A couple of decades ago people could only buy fakes if they went abroad for them. Part of the fun of visiting Hong Kong was coming back with a fake luxury watch that you’d got by going to a secret backstreet shop with a man who whispered at you in the street as you explored the market stalls. You’d fool your friends, then explain how you could tell the difference, adding a bit of insider knowledge to your illicit purchase. It was about being daring and exotic and had a bit of James Bond glamour to it.
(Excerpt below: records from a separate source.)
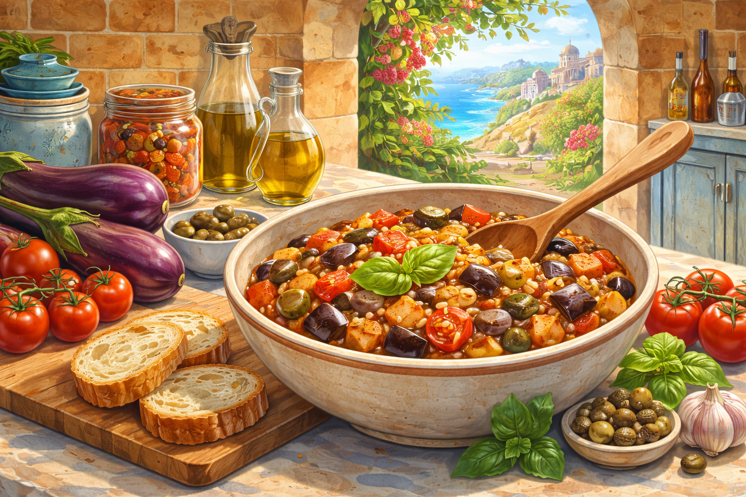 Caponata is Sicily’s most emblematic vegetable dish — a dazzling interplay of sweet and
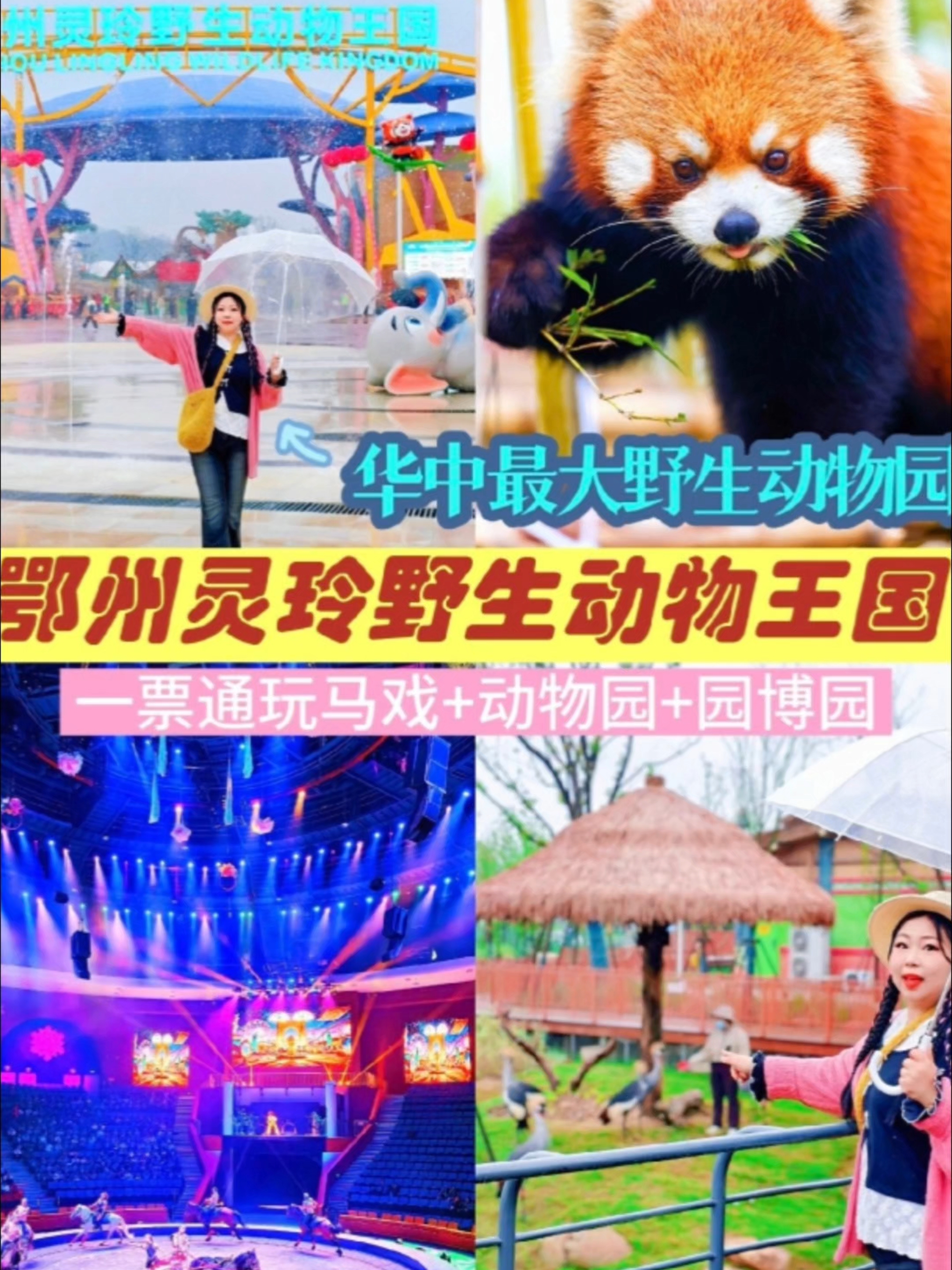 鄂州灵玲野生动物王国,一票玩双园+大马戏 鄂州灵玲野生动物王国也太好玩了吧! 一进门斑马、火烈鸟、长颈鹿全在线,氛围感拉满! 必冲华中最大小熊猫部落!能近距离贴贴,小家伙主动凑过来撒娇,心都化了! 16国艺术家国际大马戏免费看!360度全景舞台,空中特技、小丑互动,有欢乐唯美,有惊险刺激,全程高能尖叫! 5.8公里自驾区,斑马奔跑、羊驼贴贴,还能坐小火车!
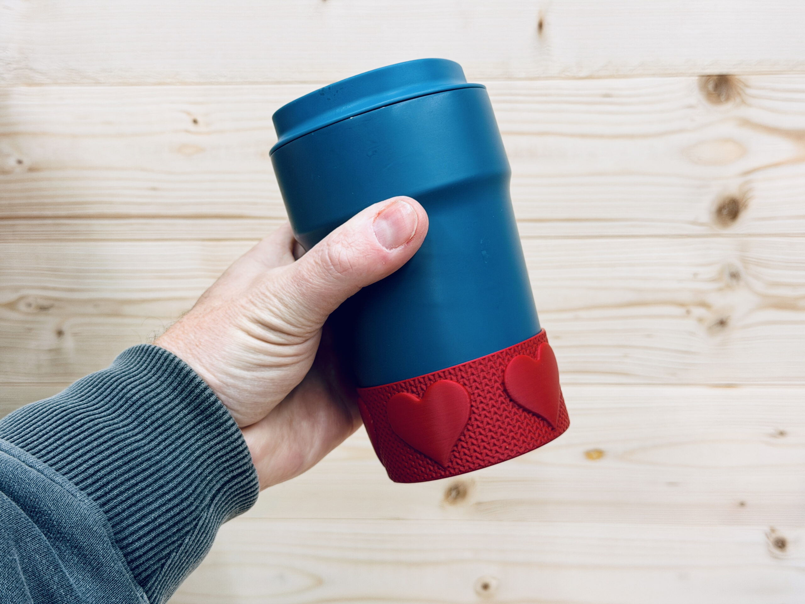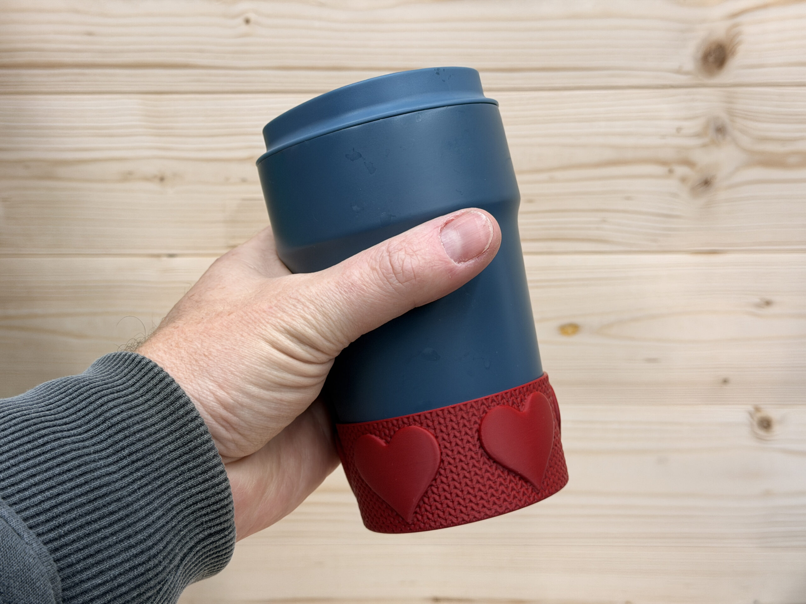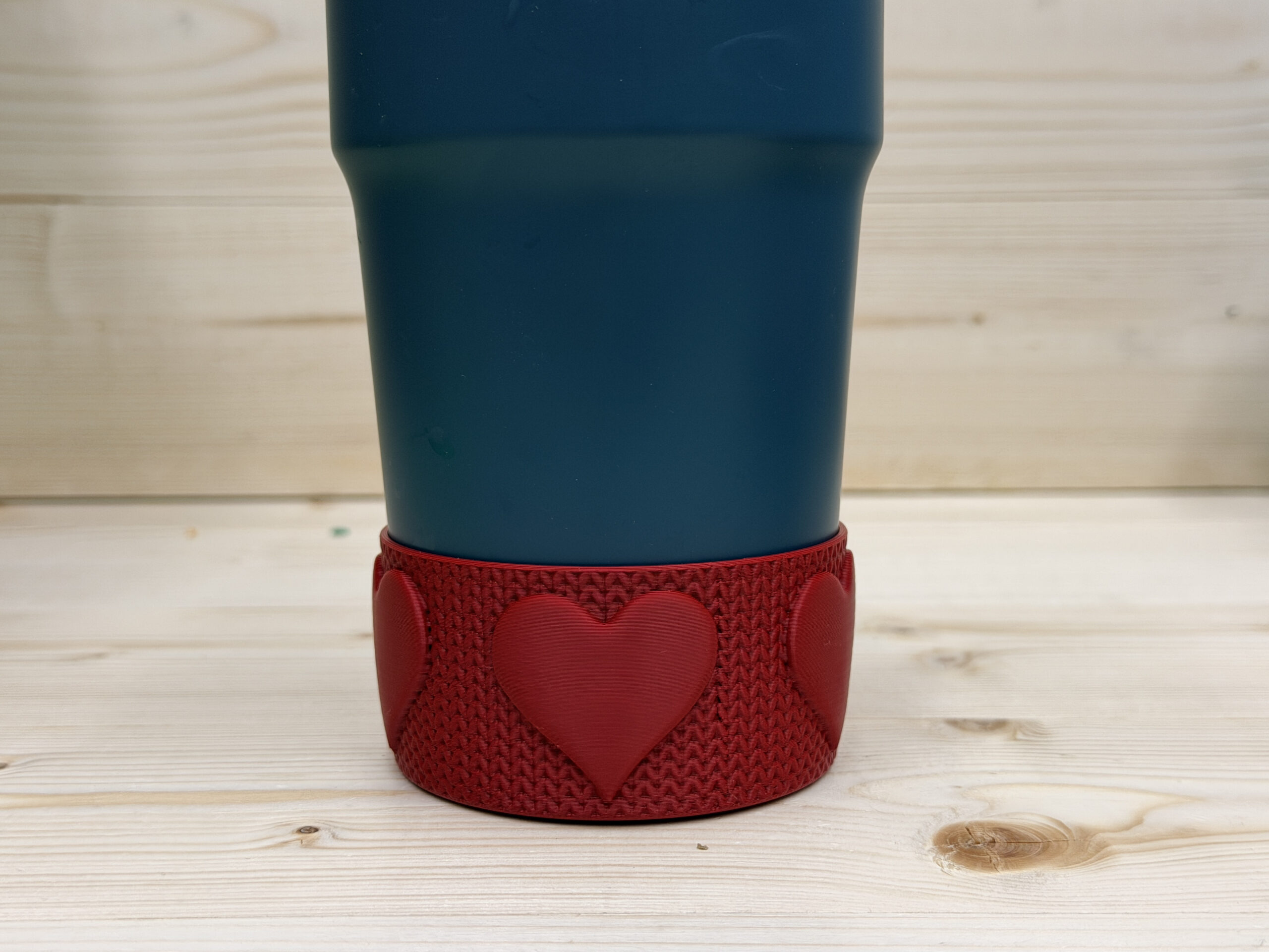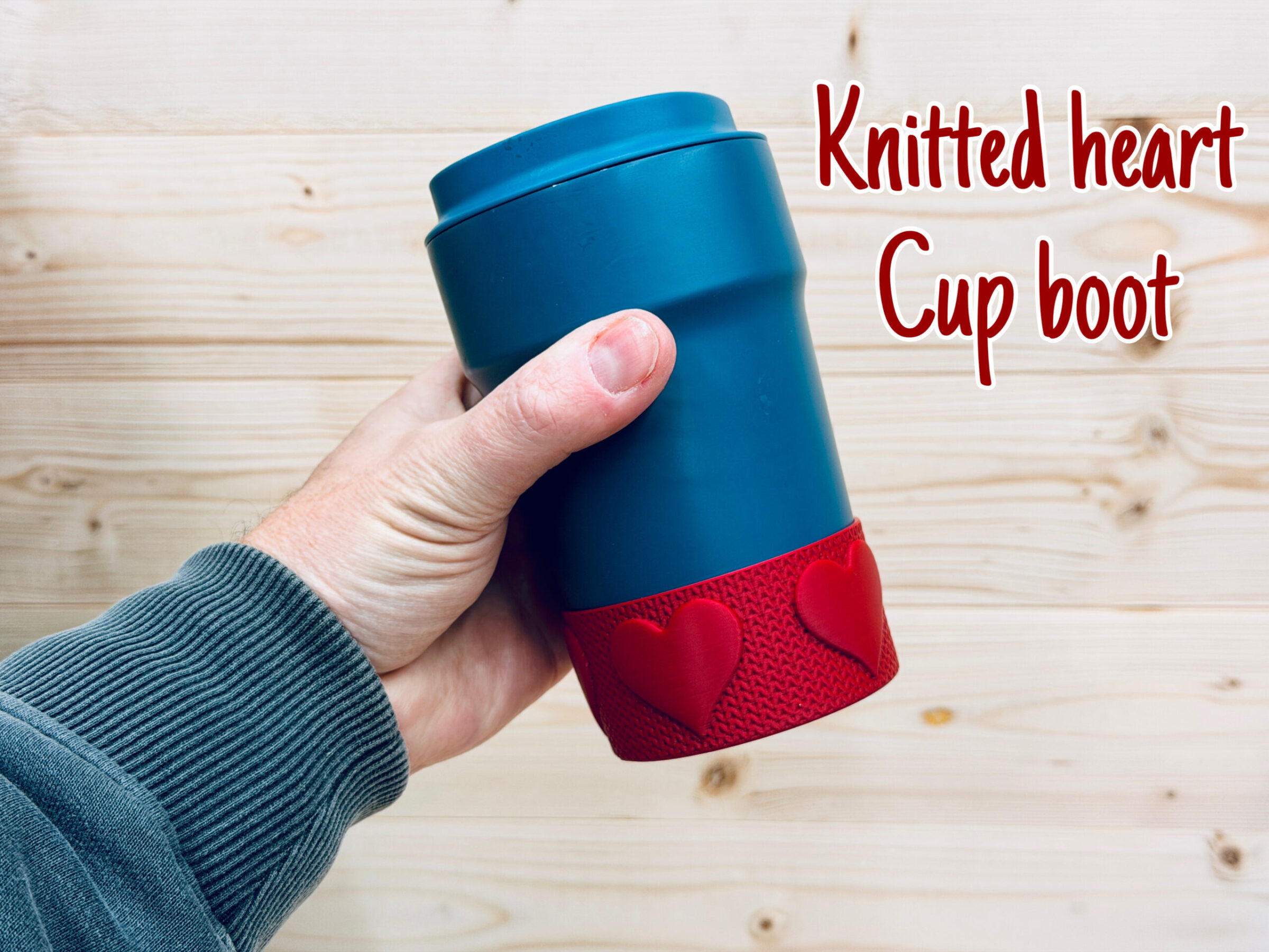 A simple Knitted heart cup boot, fits a standard coffee cup inc stanley cups
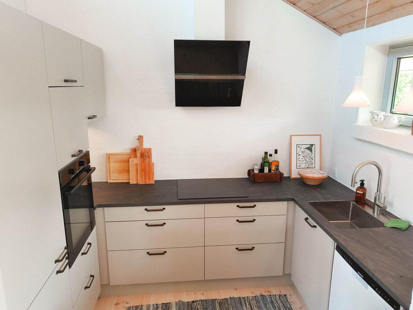 Kunden ønskede et enkelt og stilrent udtryk i forbindelse med renovering. Efter grundig rådgivning og montering står køkken og bryggers nu færdigt med Bora kogeplade, Quooker og en smuk Dekton keramikbordplade. Kunden er meget tilfreds med resultatet.
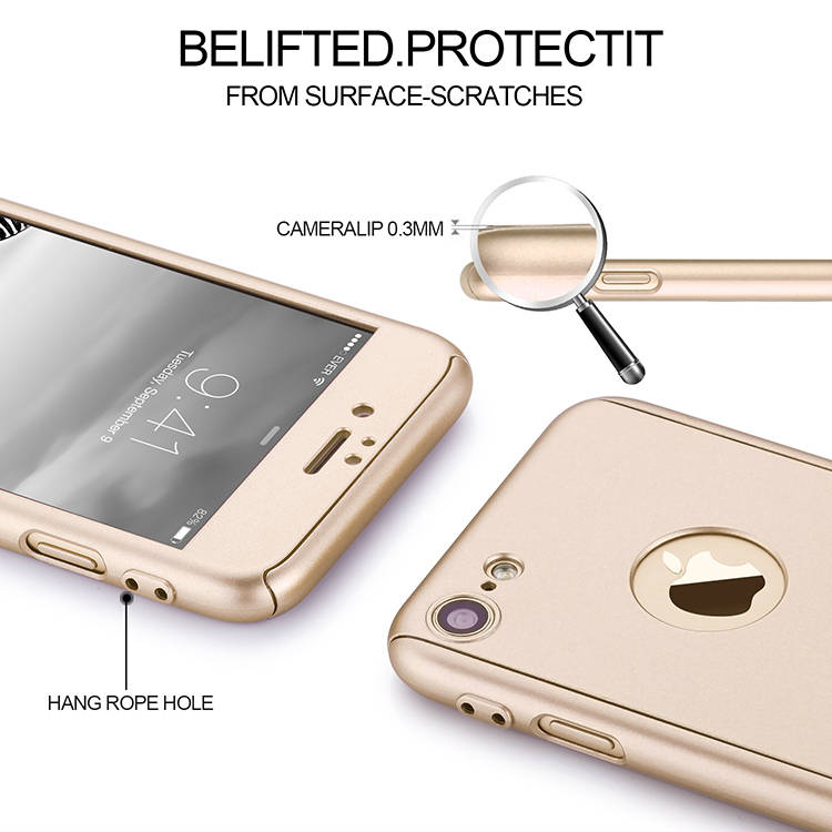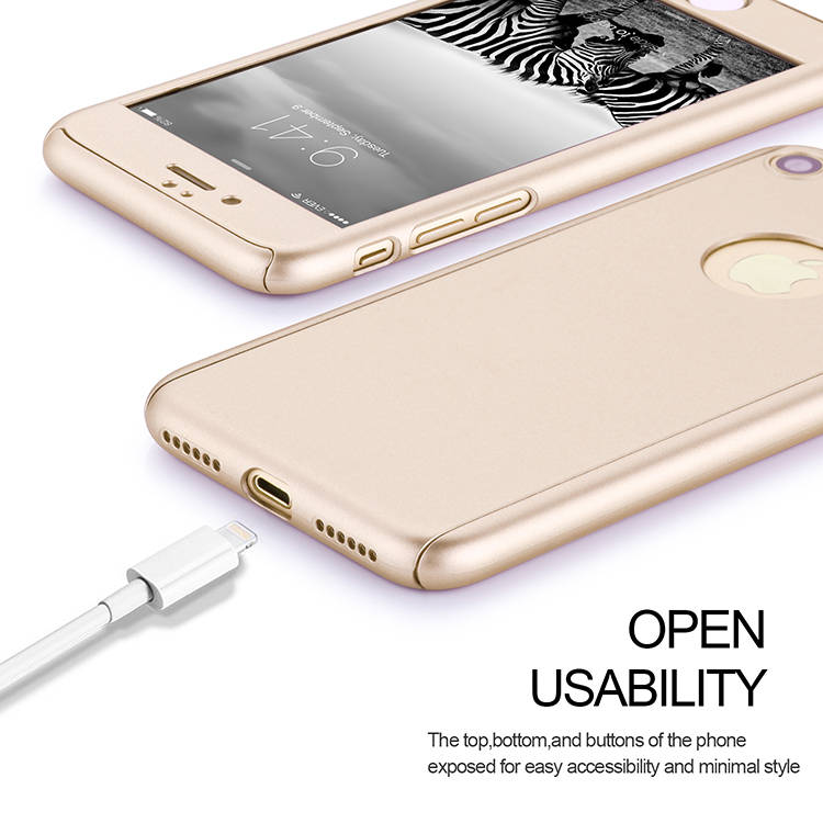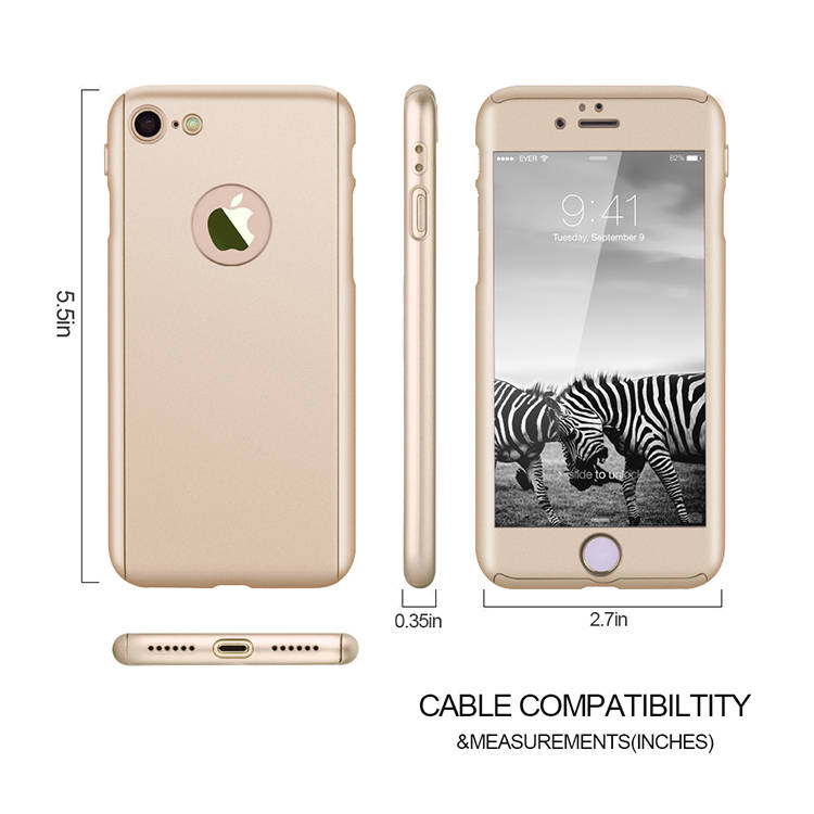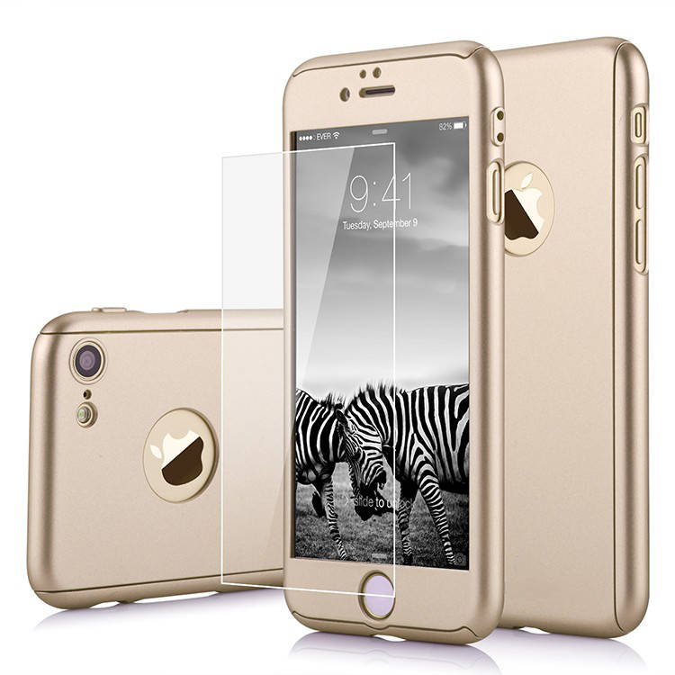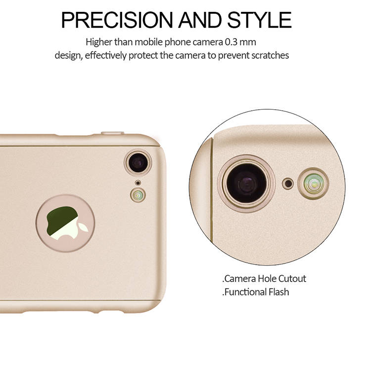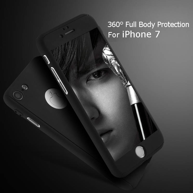 360 Degree Full Body Protection Frosted Case Cover With Tempered Glass For Apple iPhone 7

You could get your fake Louis Vuitton canvas bags in Morocco, where they were for sale so openly and legitimately that you’d be keen to convince yourself that they weren’t really counterfeit; they were made at the same factory from the bits left over.
Now you’ve got Canal Street in New York where you see counterfeit watches, t-shirts and baseball caps openly on sale, but you still have to go to the little back rooms for the copies of French bags. I saw one seller with a wheelbarrow-based stall setting up right outside Bloomingdales. The bags on show are the ones that are copies which just manage to escape IP law - even though it’s plain to see that they are direct rip-offs – but the sellers are keen to get the real counterfeits (if you see what I mean) out of their black bin bags. There are football shirts for sale on Venetian market stalls, right outside the Doge’s Palace, and although the bag sellers are there, you’ve also got signs up in several different languages telling tourists that if they buy one, they’ll be arrested.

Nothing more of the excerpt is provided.